Nobel-prize author William Golding, who grew up in Marlborough, tried to rape a 15-year-old girl in the town, according to a biography due to be published.

It happened when he was in his late teens and on holiday from Oxford university.

The biography has been written by John Carey, emeritus professor of English literature at Oxford, who will be presenting Marlborough’s inaugural literary lecture on September 18.

Mayor Nick Fogg has launched what he hopes will become an annual series of lectures by leading figures.

Golding, who died aged 81 in 1993 and is buried in Salisbury, was born in Cornwall and came to Marlborough with his parents, who lived on The Green. His father was a teacher at Marlborough Grammar School and his mother a leader in the suffragette movement.

From the grammar school Golding went to Oxford and although his family wanted him to be a scientist he rebelled and studied literature.

Prof Carey was given access to a personal journal and diary kept over two decades by Golding. It is from this and an unpublished memoir Golding left for his wife that Prof Carey has extracted the confession.

Golding was 18, so the year would have been 1929. The girl, identified in Carey’s jottings, as Dora, was precocious, he wrote. Golding said she fought him off and ran away as he stood shouting: “I’m not going to hurt you.”

Two years later Golding met the girl again and had, according the writer’s memoirs, lusty sex in a field although he believed she consented in some kind of attempt to discredit the family because his father was a teacher.

Golding who taught for a time at Bishop Wordsworth’s school in Salisbury, admitted in his memoirs that he divided his pupils into gangs with one attacking a prehistoric camp defended by another group – the theme of his best-selling Lord of the Flies, about boys stranded on an island.

Coun Fogg said: “I met William Golding at the funeral of Mrs Winburne, his old schoolma’am.

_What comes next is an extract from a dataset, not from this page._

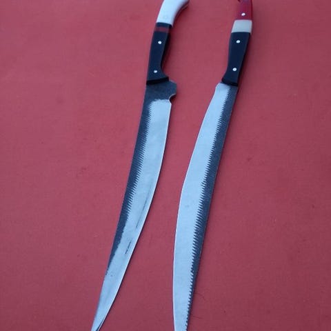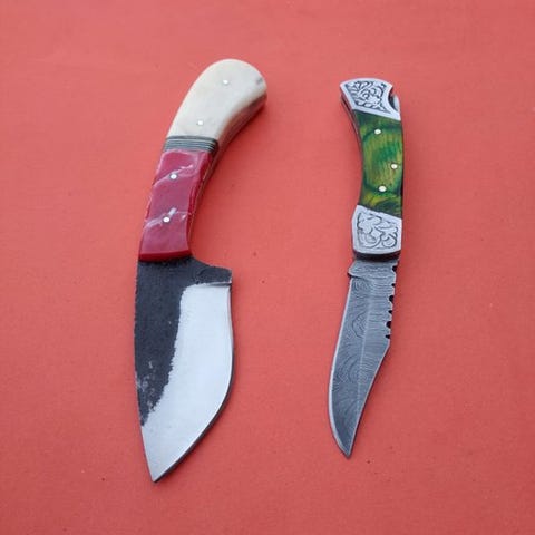 "Monsieur Cuisine"-paret af K. Romain er en mesterklasse i elegance og funktionalitet. Skiveren glider gennem kødstykker med præcision, mens det sammenklappelige knivblad, en Romain-innovation, kan opbevares pænt og bæres diskret. Begge knive viser Romains dedikation til håndværket, med subtile nuancer der løfter dem fra værktøj til kunstværker. Perfekt for den kræsne kok eller samler, disse knive legemliggør essensen af fransk sofistikering og K. Romains innovative ånd. Et sjældent møde mellem form og funktion, ideelt for dem der værdsætter livets finere ting.

He was as charming and erudite as one might expect a Nobel literature laureate to be.

“It is wonderful that his distinguished biographer, Professor John Carey, is coming to deliver the first Mayoral Literary Lecture.

“Doubtless he will have much to tell us about this Marlborough man of huge distinction. I’m particularly proud that this is in essence a launch of the book in Golding’s home town.”